Finding median without sorting an array

Question

I am looking to implement a very simple function which finds the median of an unsorted array by counting the number of smaller elements and number of larger elements if they are equal in number then the original is considered as median.

I know several algorithm like minHeap and Quick Select, but I am trying to keep things simple as a human would do with a naked eye to simply count larger and smaller numbers. So far I have implemented below function but problem arise when I have duplicate entries in array and also with even and odd array length.

I am new to C programming and need to understand what is going wrong.
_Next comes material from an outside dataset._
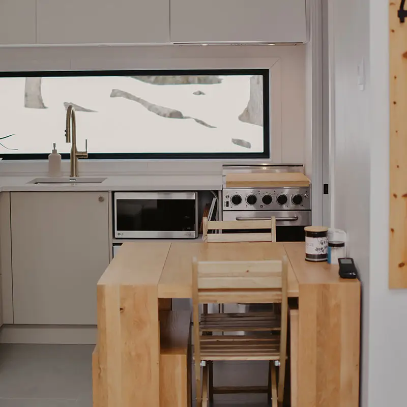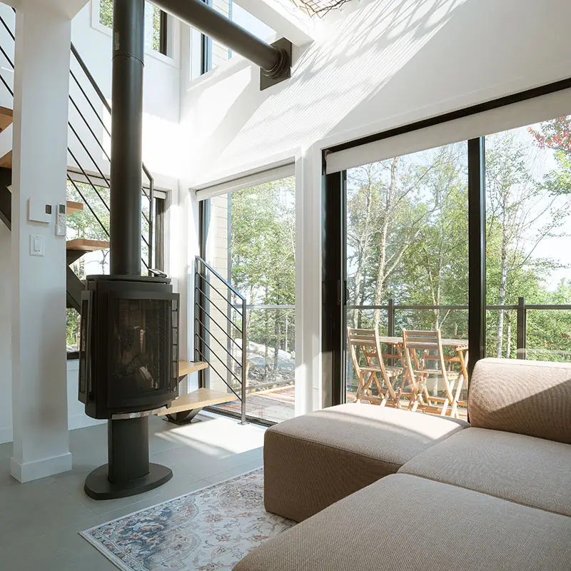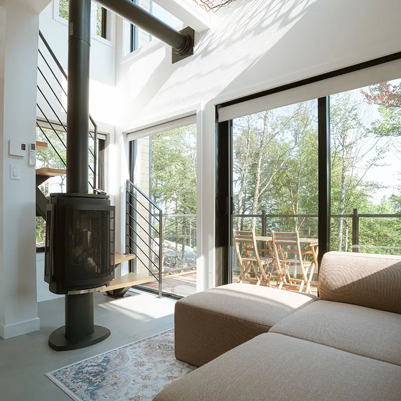 Large windows overlook the surrounding nature, offering relaxing views that invite you to unwind and connect with the beauty of our natural environment. The propane fireplace emits a gentle and soothing warmth, creating a calm space where daily concerns dissipate before the dancing flames.

Below is the code, I have written a function to return random array of variable length to test this function from.

int med(int count, int *array)
{
int i, j, median = -1, smaller = 0, larger = 0;

for(i = 0; i < count; i++)
{
    for(j = 0; j < count; j++)
    {
        //larger++

        if(array[i] < array[j] && i!=j)
        {
            larger++;
        }
        //Smaller++
        if(array[i] >= array[j] && i!=j)
        {
            smaller++;
        }
    }
    printf("\nFor pivot: %d", array[i]);
    if(larger == smaller)
    {
        printf("\n Smaller: %d", smaller);
        printf(" Larger: %d", larger);
        median = array[i];
        break;
    }
    else
    {
        printf("\n Smaller: %d", smaller);
        printf(" Larger: %d", larger);

        larger = 0;
        smaller = 0;
    }
}
return median;
}

In some cases like {3,5,0,2,3} my function returns -1 but the actual result should be 3.

EDIT Initially I started with strictly greater or lesser but this condition (larger == smaller) never gets hit when I have duplicate entries thus I considered equal elements as smaller. I am having difficulty handling the equalities

Answer 1

B. Shefter found the bug for you. However, I still want to address the question.
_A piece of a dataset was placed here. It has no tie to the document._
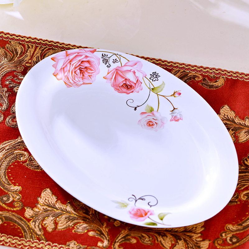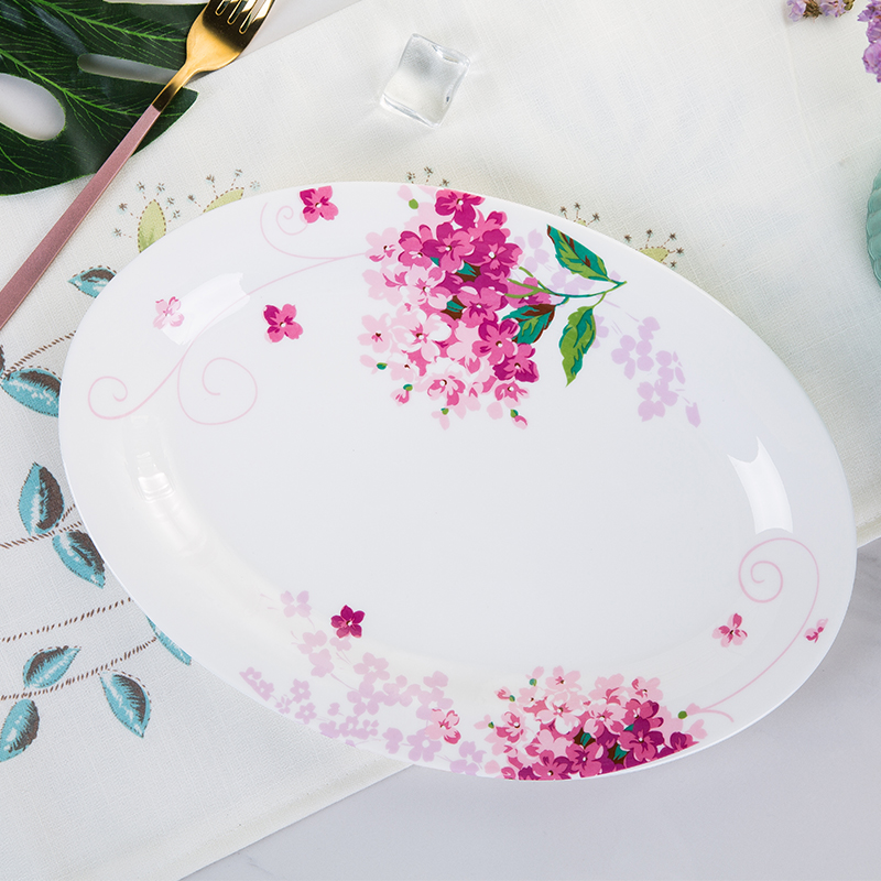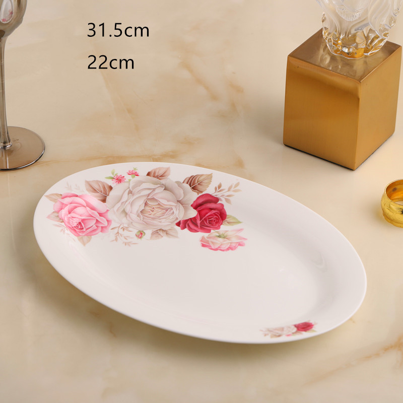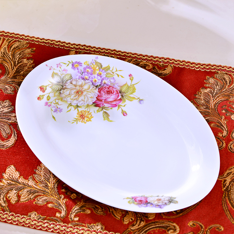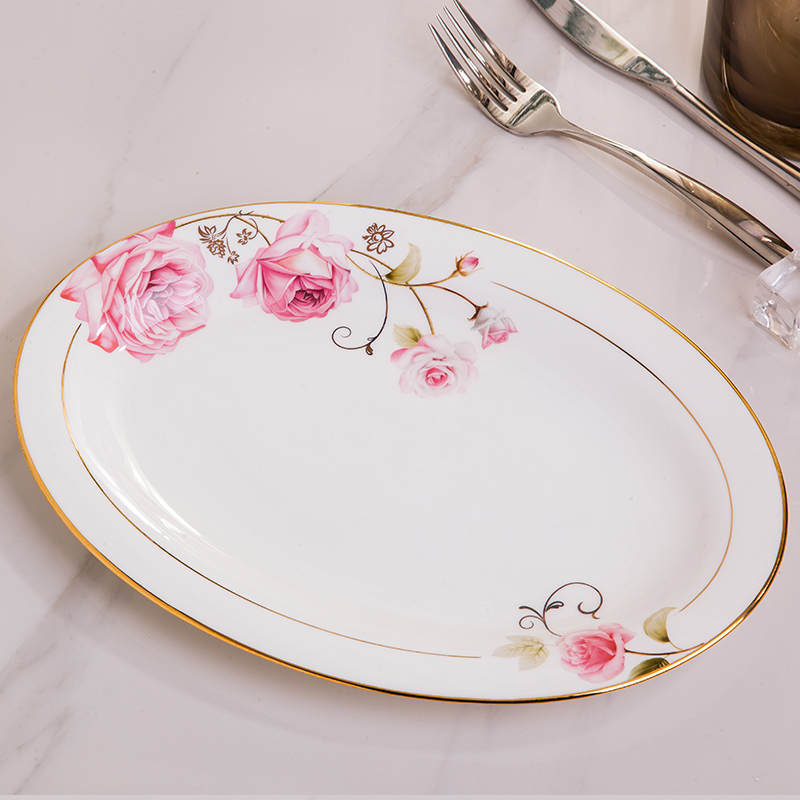 E: Romantic flower and sea fish plate with gold tracery (1 piece)

I am looking to implement a very simple function which finds the median of an unsorted array by counting the number of smaller elements and number of larger elements if they are equal in number then the original is considered as median.

Only do this, if you can do it faster than O(nlog n), because that's the time complexity of qsort. I would recommend trying the median of medians algorithm. You can read about it here and here is the code from that site, but with comments removed:

int select(int *a, int s, int e, int k){
    if(e-s+1 <= 5){
        sort(a+s, a+e);
        return s+k-1;
    }
    
    for(int i=0; i<(e+1)/5; i++){
        int left = 5*i;
        int right = left + 4;
        if(right > e) right = e;
        int median = select(a, 5*i, 5*i+4, 3);
        swap(a[median], a[i]);
    }
    
    return select(a, 0, (e+1)/5, (e+1)/10);
}

I know several algorithm like using minHeap and Quick Select but I am trying to keep things simple as a human would do with a naked eye to simply count larger and smaller numbers.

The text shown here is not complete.